A CD or Certificate of Deposit is one of the safest and liquid forms of investment available. Insured by the FDIC (Federal Deposit Insurance Corporation), CDs are a type of interest earning deposit account. Unlike savings accounts, a CD requires a fixed sum of money for a fixed period of time ranging from six months to several years.


CDs are attractive to investors because they typically pay a higher rate of interest than a traditional savings account and have FDIC insurance up to $100,000. Don’t expect to get rich from investing in CDs but they are a valuable addition to any portfolio to assist in providing liquidity. Use these quick tips to get started in purchasing and investing in CD’s:


  1. Use a ladder approach to purchasing certificates of deposit. By using a ladder approach you spread out the interest rates and redemption times. Should you need to cash in a CD you will have more options available and lose the least amount of potential interest.
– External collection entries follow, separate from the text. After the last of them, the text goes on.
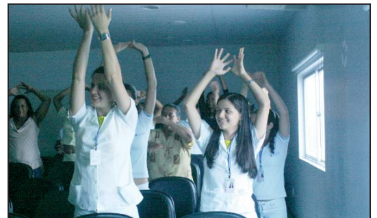
Atitudes simples e que podem ser incorporadas ao dia-a-dia favorecem a saúde
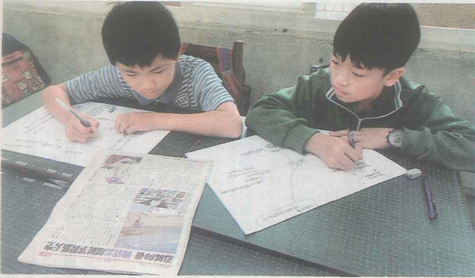
◀讀報後畫出人物報導的心智圖。
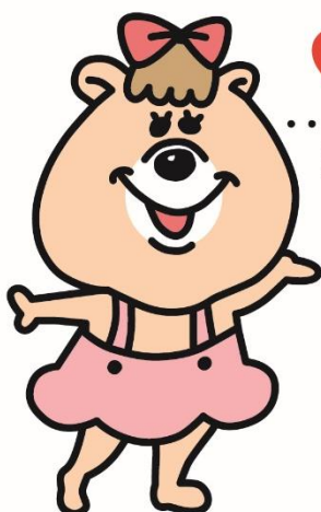
KANOJYO 『クマタンの彼女』 クマタンと いつも一緒
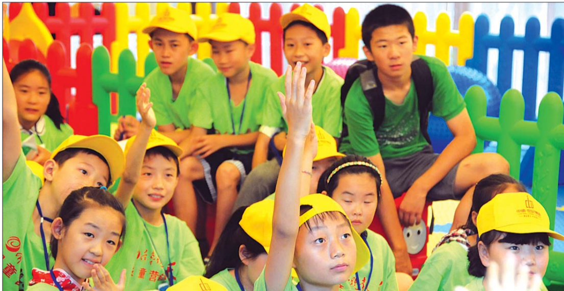
昨天下午,本报报童营销秀再度启动,今年的主题是“卖一份好报,读一本好书,做一件好事”。从今天开始,泰城、新泰和肥城的数百名小报童将走上街头,体验营销收获成长。他们走过您身边时,即便不能买一份报,希望您也能给他们一个鼓励的微笑。图为培训现场报童踊跃发言。
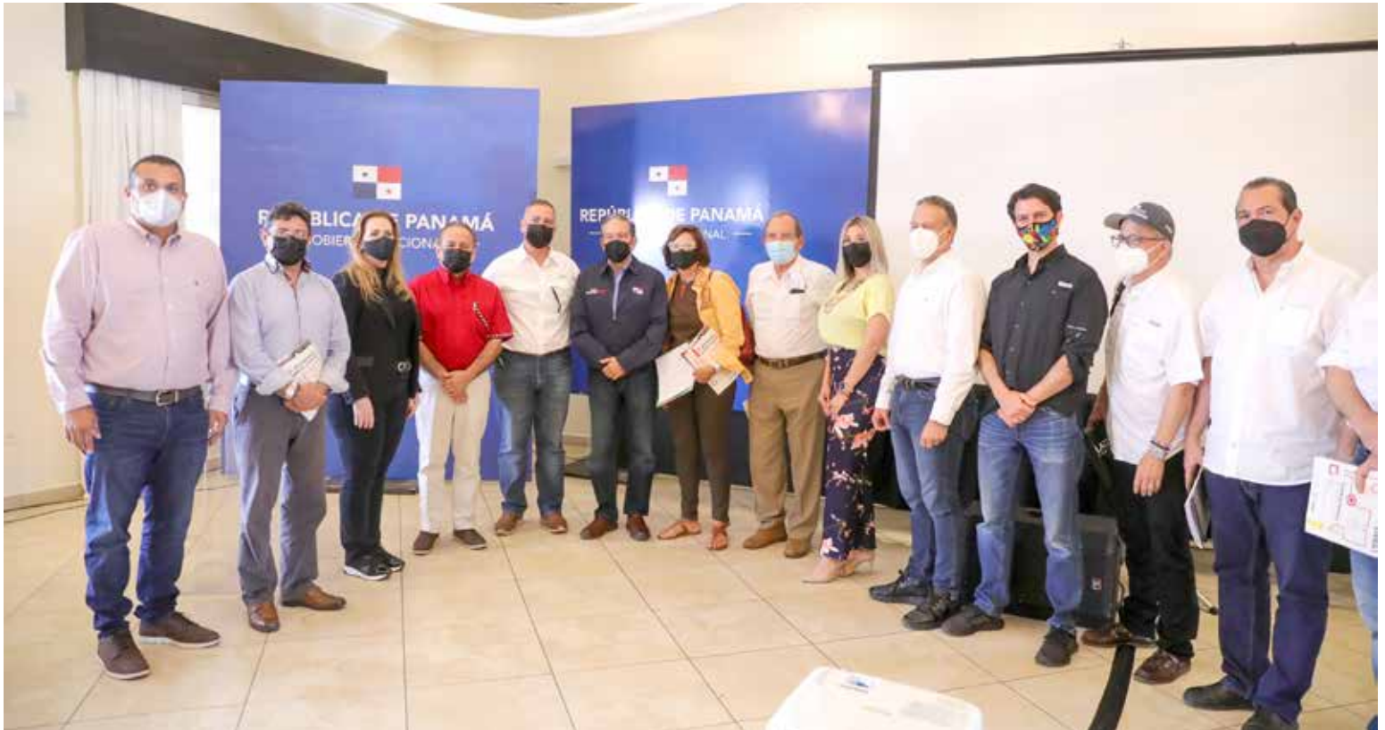
El presidente Laurentino Cortizo Cohen se reunió con miembros del Centro de Competitividad de la Región Occidental de Panamá (CECOMRO), para conocer la propuesta que elaboraron para la reactivación económica de la provincia de Chiriquí.
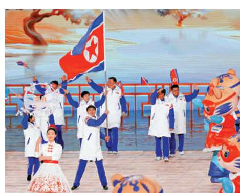
▲2025年2月7日，朝鮮體育代表團在第九屆亞洲冬季運動會開幕式上入場。

「我們有偉大的友誼，我們有共同的理想，把我們團結得無比堅強。」正如《中朝友誼之歌》中表達的那樣，站在繼往開來的歷史節點上，中朝雙方不忘初心、攜手前進，必將開啟中朝友誼嶄新篇章，共同開創兩黨兩國關係的美好未來。
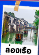
ล่องเรือ
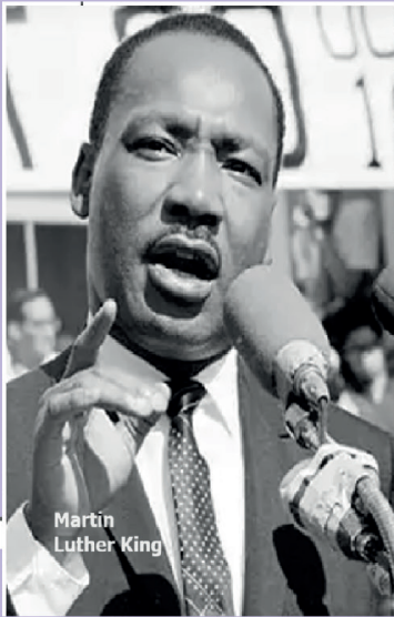
Martin Luther King
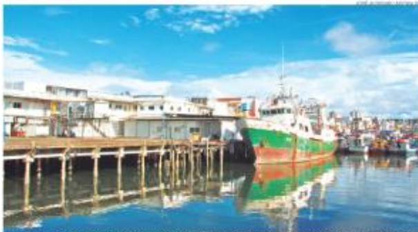
Carregamento de embarcação no Porto de Natal. Terminal não tem infraestrutura adequada, aponta estudo

  2. If investing more than $100,000 spread it between two or more banks or brokers. Remember, FDIC insurance only covers up to $100,000 per entity.
  3. Confirm the maturity date – see it in writing before signing or finalizing the purchase. CDs can mature in as little as six months or as long as twenty years.
  4. Confirm the interest rate and yield. Is the interest rate fixed or variable?
  5. Understand penalties and early withdrawals. Pre-payment penalties, early withdrawal fees and other related items can dramatically impact yield.